● **Problem**
Word for word, copy the data that follows and skip its pictures.

● **Information shown**
_ _ _
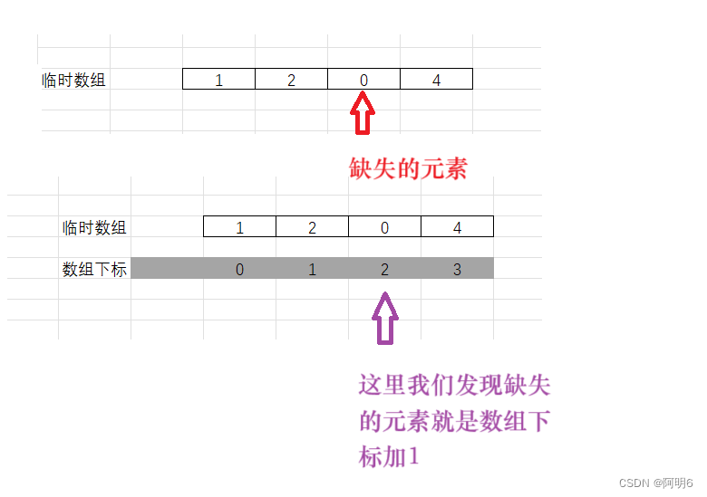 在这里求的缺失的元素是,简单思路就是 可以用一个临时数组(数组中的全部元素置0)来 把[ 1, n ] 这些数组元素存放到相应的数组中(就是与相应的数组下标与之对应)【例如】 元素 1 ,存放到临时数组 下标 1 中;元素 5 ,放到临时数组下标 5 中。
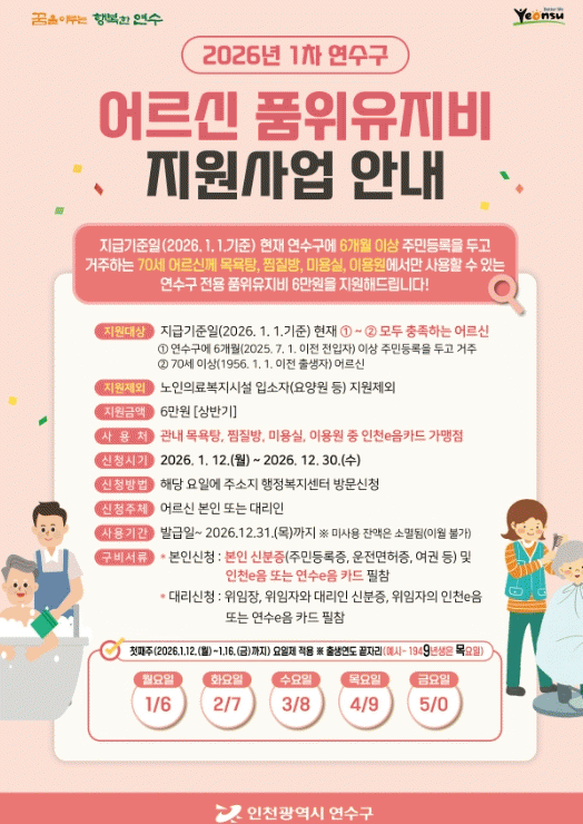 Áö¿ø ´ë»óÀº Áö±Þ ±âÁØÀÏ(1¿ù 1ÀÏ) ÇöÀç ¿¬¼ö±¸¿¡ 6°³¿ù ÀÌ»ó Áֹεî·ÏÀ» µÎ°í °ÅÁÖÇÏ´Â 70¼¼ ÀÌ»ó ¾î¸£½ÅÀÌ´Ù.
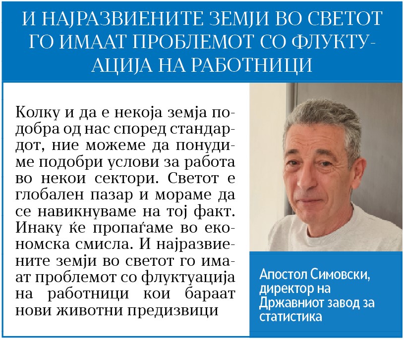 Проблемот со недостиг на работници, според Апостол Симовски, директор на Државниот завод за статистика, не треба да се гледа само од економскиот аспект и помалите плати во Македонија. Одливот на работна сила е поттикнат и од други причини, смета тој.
_ _ _
● **Written solution**
 在这里求的缺失的元素是,简单思路就是 可以用一个临时数组(数组中的全部元素置0)来 把[ 1, n ] 这些数组元素存放到相应的数组中(就是与相应的数组下标与之对应)【例如】 元素 1 ,存放到临时数组 下标 1 中;元素 5 ,放到临时数组下标 5 中。
 Áö¿ø ´ë»óÀº Áö±Þ ±âÁØÀÏ(1¿ù 1ÀÏ) ÇöÀç ¿¬¼ö±¸¿¡ 6°³¿ù ÀÌ»ó Áֹεî·ÏÀ» µÎ°í °ÅÁÖÇÏ´Â 70¼¼ ÀÌ»ó ¾î¸£½ÅÀÌ´Ù.
 Проблемот со недостиг на работници, според Апостол Симовски, директор на Државниот завод за статистика, не треба да се гледа само од економскиот аспект и помалите плати во Македонија. Одливот на работна сила е поттикнат и од други причини, смета тој.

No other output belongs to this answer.